Records from a data collection:
☆ ☆ ☆ ☆ ☆ ☆ ☆

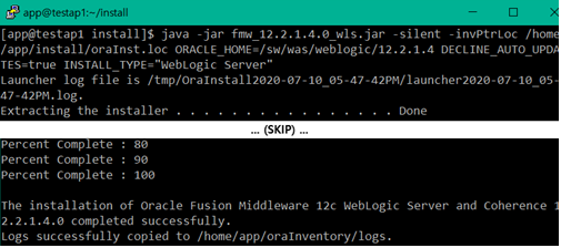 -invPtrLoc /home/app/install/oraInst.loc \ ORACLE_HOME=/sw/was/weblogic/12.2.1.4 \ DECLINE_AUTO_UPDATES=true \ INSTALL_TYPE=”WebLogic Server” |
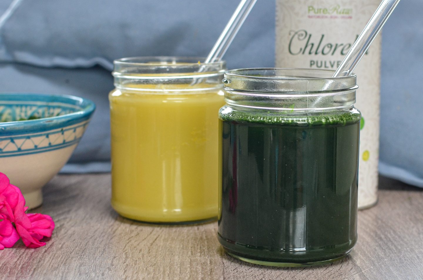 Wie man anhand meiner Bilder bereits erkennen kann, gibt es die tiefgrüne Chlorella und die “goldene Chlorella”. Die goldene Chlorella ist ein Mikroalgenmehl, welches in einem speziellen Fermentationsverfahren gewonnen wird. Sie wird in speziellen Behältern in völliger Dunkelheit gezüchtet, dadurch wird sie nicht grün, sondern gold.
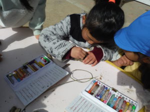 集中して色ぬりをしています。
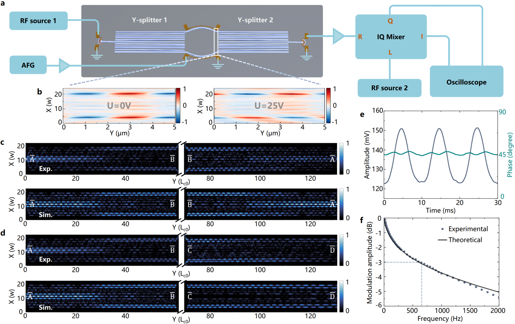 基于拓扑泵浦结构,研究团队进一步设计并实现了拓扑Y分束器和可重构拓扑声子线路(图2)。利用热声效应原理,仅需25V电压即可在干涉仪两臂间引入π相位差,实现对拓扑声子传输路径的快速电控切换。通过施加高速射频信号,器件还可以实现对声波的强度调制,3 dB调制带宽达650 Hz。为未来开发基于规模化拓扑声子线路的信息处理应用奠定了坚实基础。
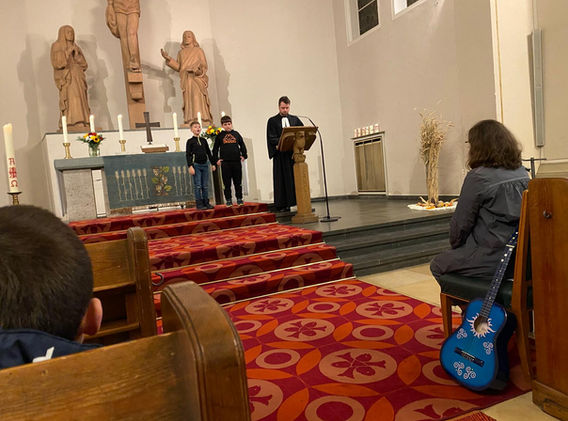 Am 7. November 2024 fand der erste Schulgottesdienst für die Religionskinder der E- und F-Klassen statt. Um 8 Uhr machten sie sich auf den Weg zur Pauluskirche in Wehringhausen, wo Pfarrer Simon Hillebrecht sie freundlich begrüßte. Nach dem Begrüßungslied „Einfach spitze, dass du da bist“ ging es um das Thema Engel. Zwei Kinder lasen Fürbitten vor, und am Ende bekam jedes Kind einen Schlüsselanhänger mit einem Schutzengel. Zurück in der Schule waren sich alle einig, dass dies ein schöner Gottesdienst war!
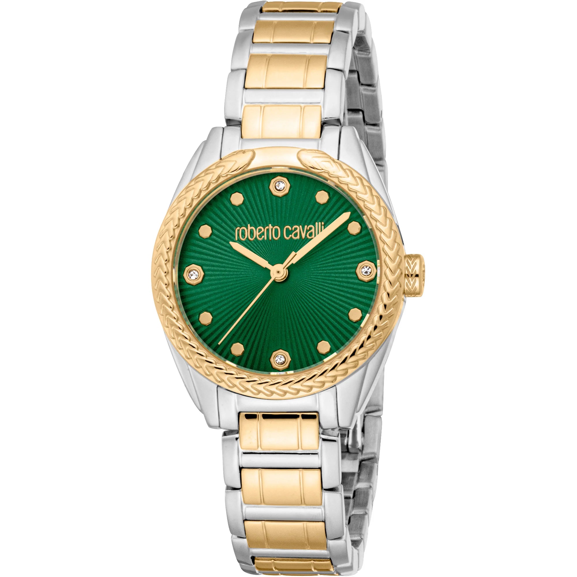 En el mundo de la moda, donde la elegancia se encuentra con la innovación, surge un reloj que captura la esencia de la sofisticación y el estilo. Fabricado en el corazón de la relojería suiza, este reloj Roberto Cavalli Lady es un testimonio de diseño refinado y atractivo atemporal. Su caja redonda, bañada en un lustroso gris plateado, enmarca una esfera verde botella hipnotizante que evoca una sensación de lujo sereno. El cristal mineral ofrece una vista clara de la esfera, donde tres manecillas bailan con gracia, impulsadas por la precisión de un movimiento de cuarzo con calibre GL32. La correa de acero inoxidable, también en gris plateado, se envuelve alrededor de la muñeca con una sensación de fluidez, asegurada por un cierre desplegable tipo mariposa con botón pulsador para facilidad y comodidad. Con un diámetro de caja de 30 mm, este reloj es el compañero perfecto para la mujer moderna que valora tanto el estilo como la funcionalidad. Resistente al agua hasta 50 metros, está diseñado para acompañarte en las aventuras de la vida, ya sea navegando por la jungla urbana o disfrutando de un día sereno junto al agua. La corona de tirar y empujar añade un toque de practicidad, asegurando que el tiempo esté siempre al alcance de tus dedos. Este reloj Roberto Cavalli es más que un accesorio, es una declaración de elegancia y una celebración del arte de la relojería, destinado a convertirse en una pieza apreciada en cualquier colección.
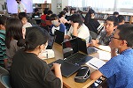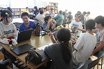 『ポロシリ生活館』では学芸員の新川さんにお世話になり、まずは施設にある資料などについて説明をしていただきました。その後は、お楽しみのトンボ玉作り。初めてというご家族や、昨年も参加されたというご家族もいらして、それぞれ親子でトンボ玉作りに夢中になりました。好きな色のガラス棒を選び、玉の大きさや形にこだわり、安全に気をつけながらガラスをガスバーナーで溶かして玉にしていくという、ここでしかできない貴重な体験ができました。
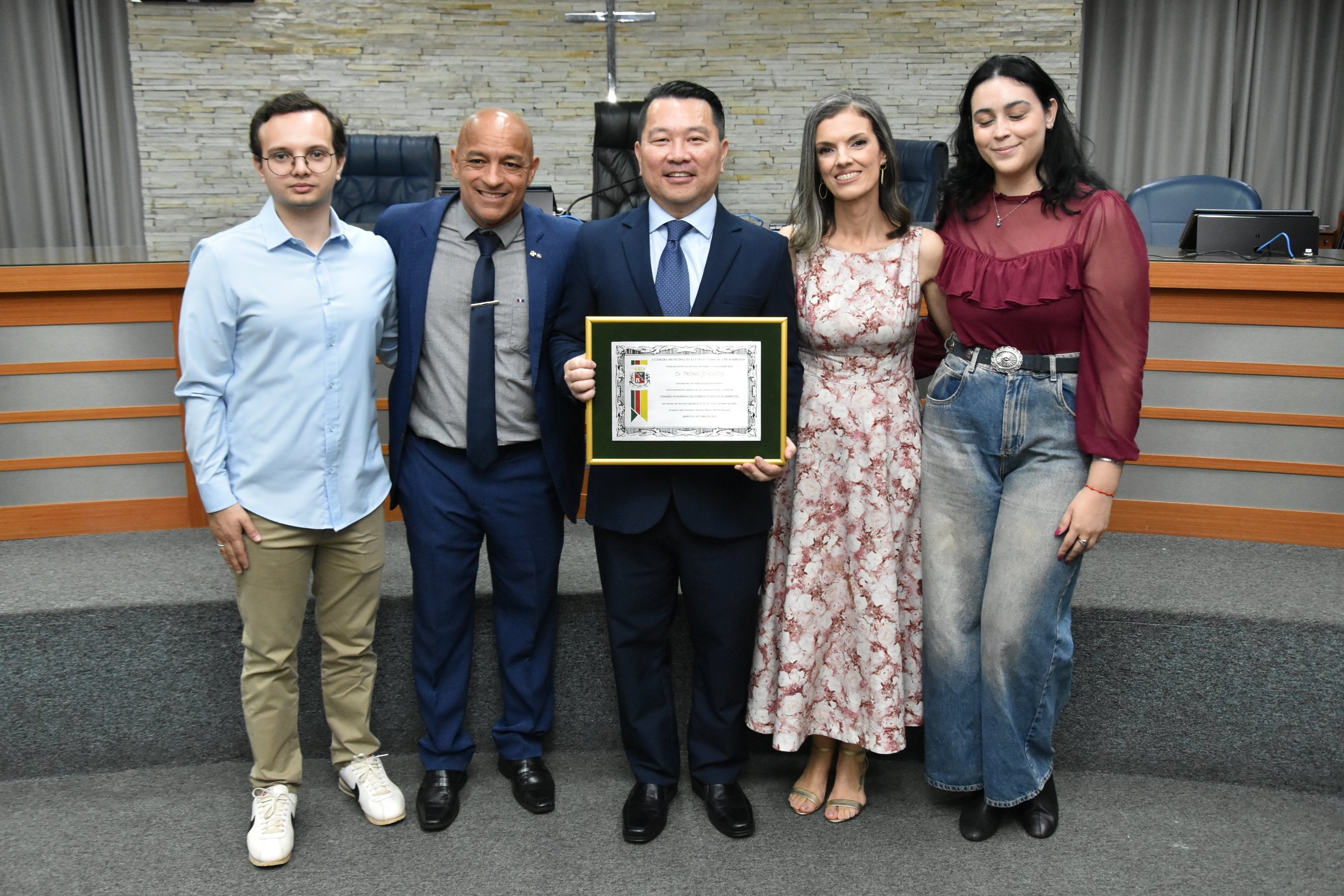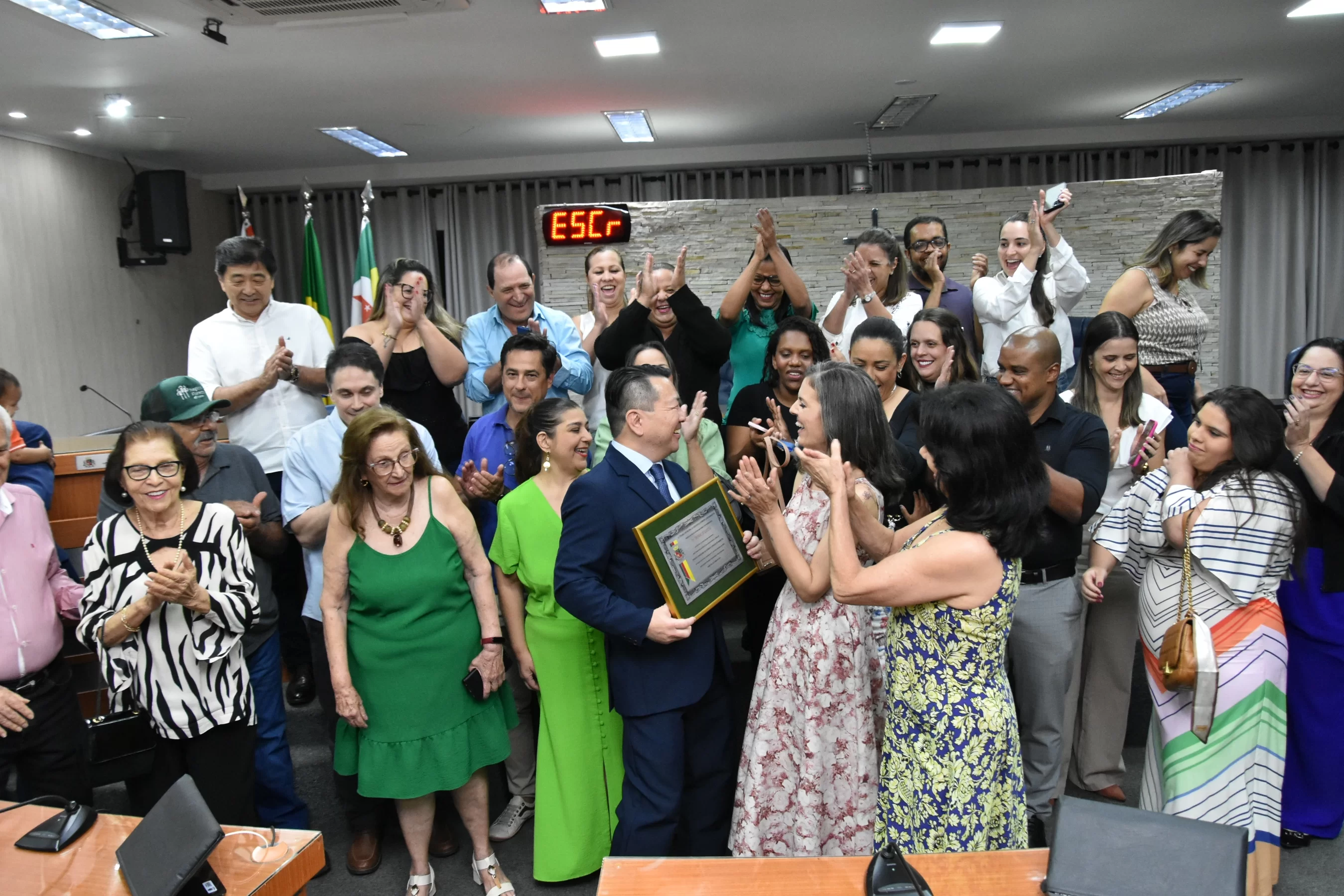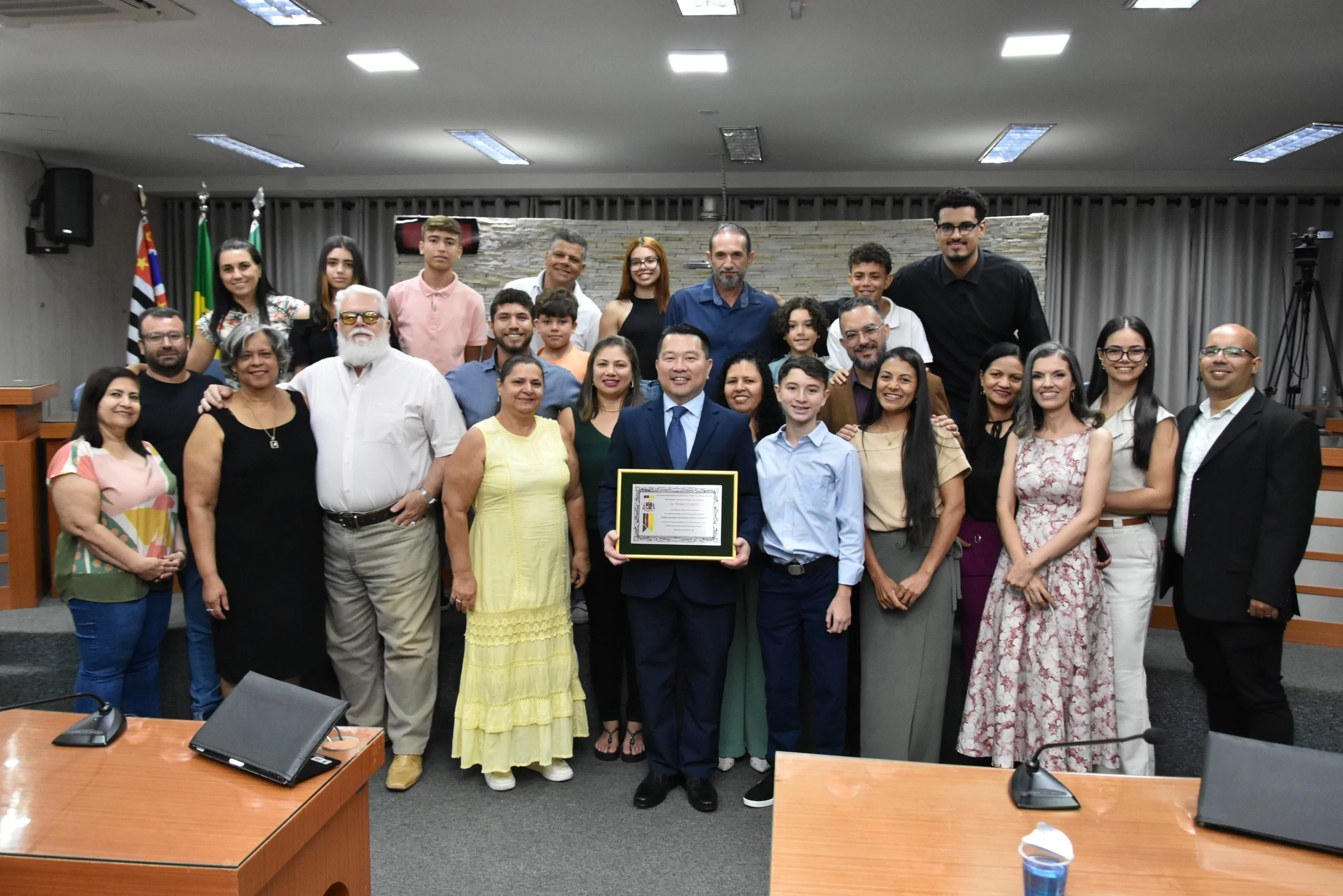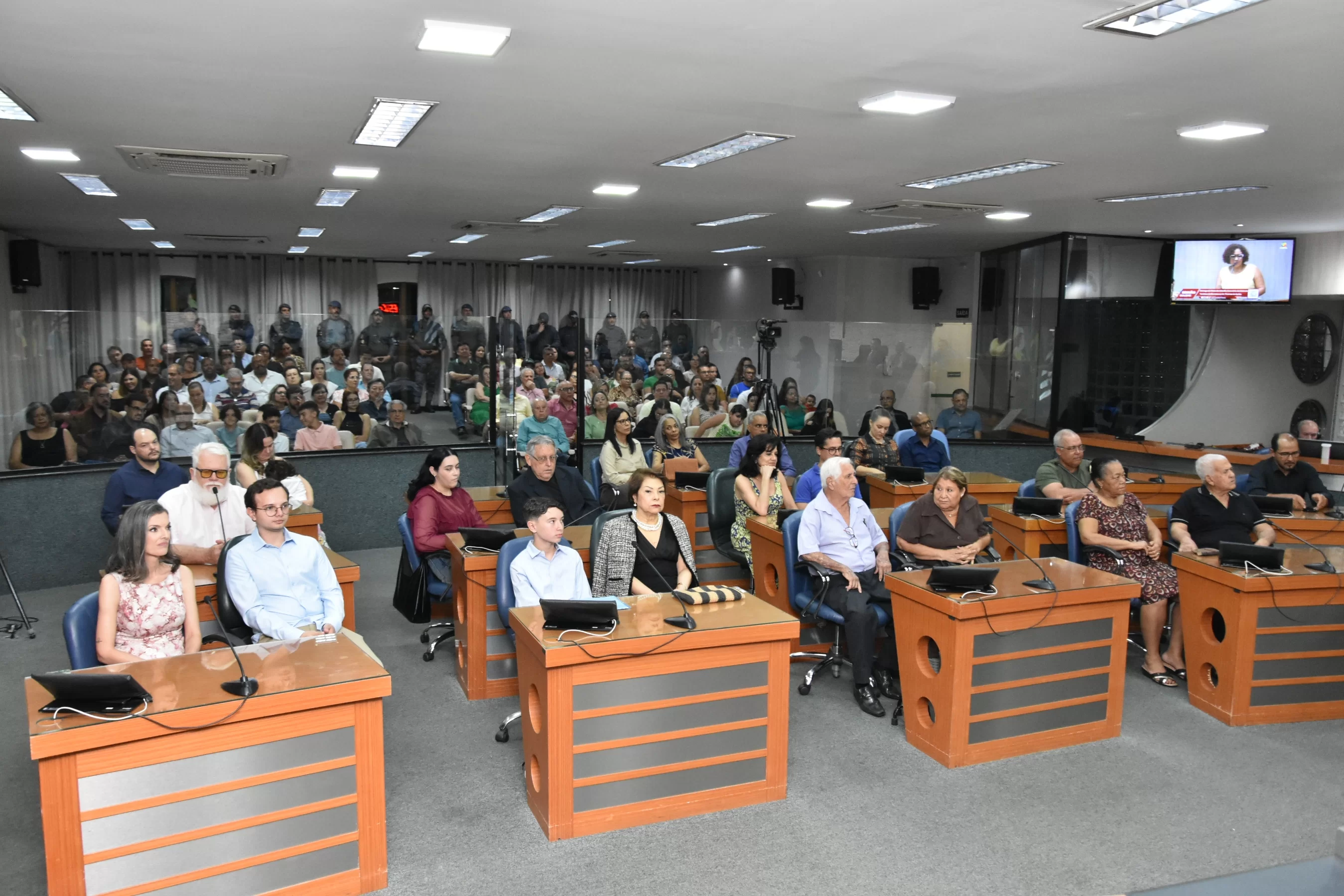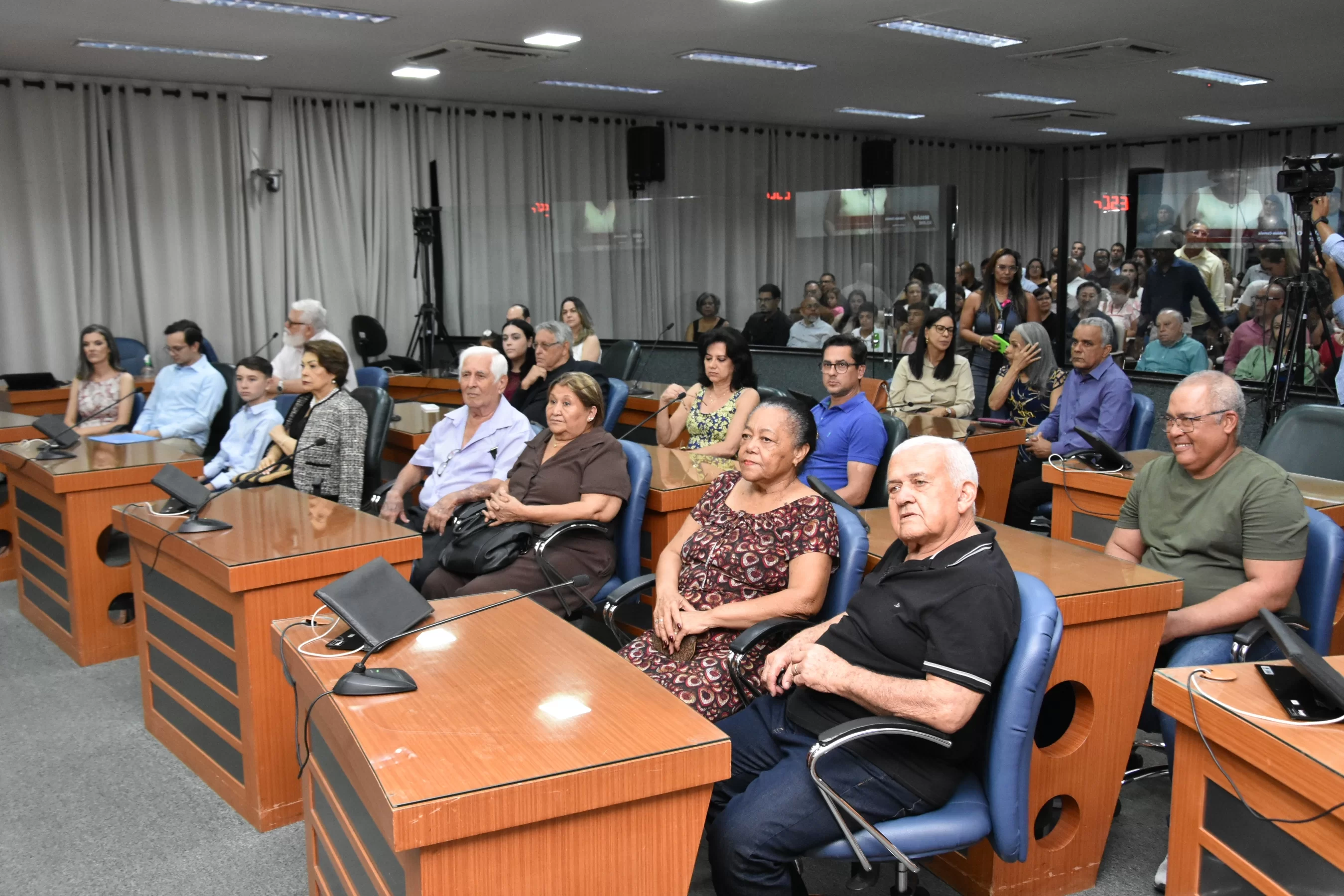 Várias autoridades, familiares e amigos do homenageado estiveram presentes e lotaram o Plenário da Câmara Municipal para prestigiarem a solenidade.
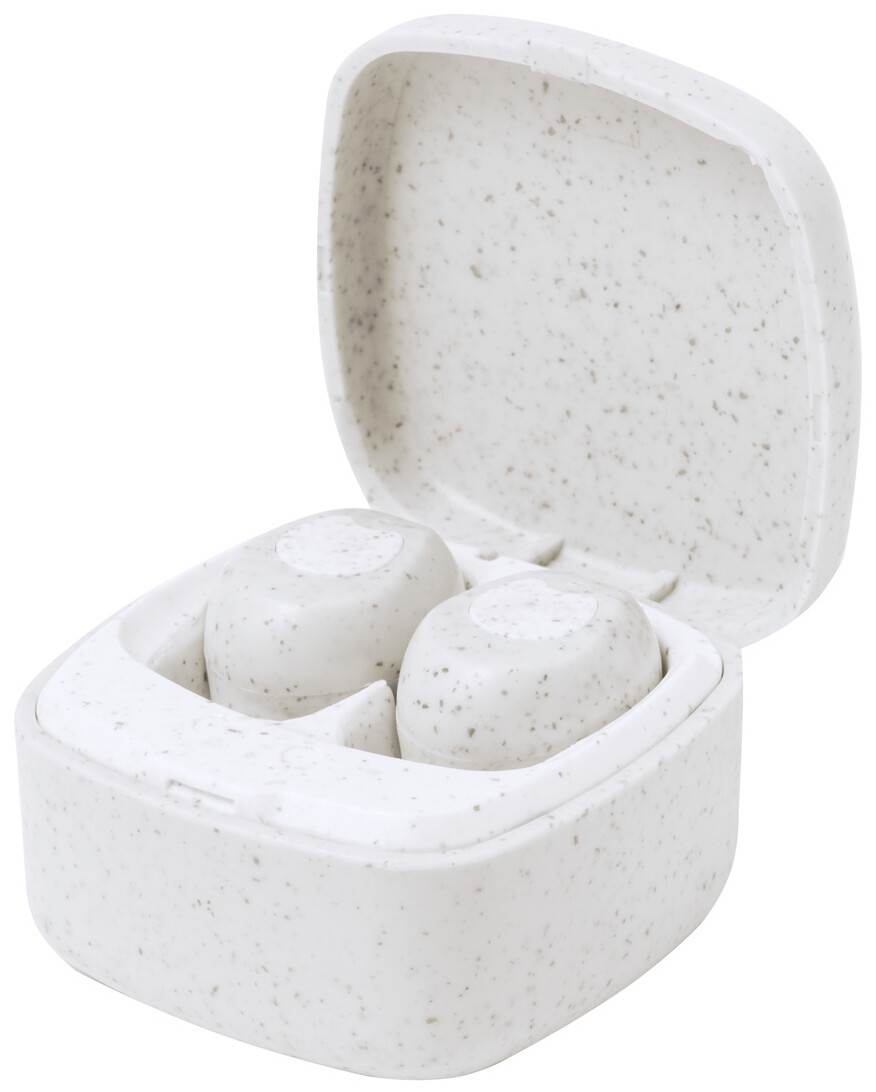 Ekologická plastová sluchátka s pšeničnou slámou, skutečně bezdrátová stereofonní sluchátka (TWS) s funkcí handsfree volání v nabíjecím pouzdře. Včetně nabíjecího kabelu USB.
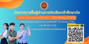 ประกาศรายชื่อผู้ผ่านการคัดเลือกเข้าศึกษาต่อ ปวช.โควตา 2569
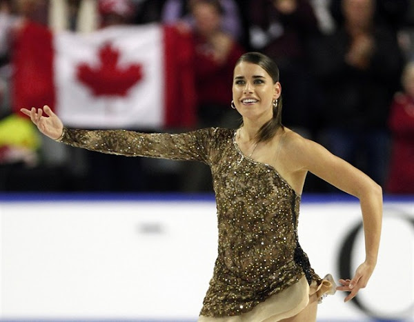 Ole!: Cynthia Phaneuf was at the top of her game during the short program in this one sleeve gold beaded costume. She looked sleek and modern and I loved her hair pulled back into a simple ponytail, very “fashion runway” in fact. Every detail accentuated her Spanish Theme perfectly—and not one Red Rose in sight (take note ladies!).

☆ ☆ ☆ ☆ ☆ ☆ ☆

# What you will do:
The images in the entries above should be left out; please reproduce exactly the lines from the first through the one containing "Am 7. November".

# Final answer:
 -invPtrLoc /home/app/install/oraInst.loc \ ORACLE_HOME=/sw/was/weblogic/12.2.1.4 \ DECLINE_AUTO_UPDATES=true \ INSTALL_TYPE=”WebLogic Server” |
 Wie man anhand meiner Bilder bereits erkennen kann, gibt es die tiefgrüne Chlorella und die “goldene Chlorella”. Die goldene Chlorella ist ein Mikroalgenmehl, welches in einem speziellen Fermentationsverfahren gewonnen wird. Sie wird in speziellen Behältern in völliger Dunkelheit gezüchtet, dadurch wird sie nicht grün, sondern gold.
 集中して色ぬりをしています。
 基于拓扑泵浦结构,研究团队进一步设计并实现了拓扑Y分束器和可重构拓扑声子线路(图2)。利用热声效应原理,仅需25V电压即可在干涉仪两臂间引入π相位差,实现对拓扑声子传输路径的快速电控切换。通过施加高速射频信号,器件还可以实现对声波的强度调制,3 dB调制带宽达650 Hz。为未来开发基于规模化拓扑声子线路的信息处理应用奠定了坚实基础。
 Am 7. November 2024 fand der erste Schulgottesdienst für die Religionskinder der E- und F-Klassen statt. Um 8 Uhr machten sie sich auf den Weg zur Pauluskirche in Wehringhausen, wo Pfarrer Simon Hillebrecht sie freundlich begrüßte. Nach dem Begrüßungslied „Einfach spitze, dass du da bist“ ging es um das Thema Engel. Zwei Kinder lasen Fürbitten vor, und am Ende bekam jedes Kind einen Schlüsselanhänger mit einem Schutzengel. Zurück in der Schule waren sich alle einig, dass dies ein schöner Gottesdienst war!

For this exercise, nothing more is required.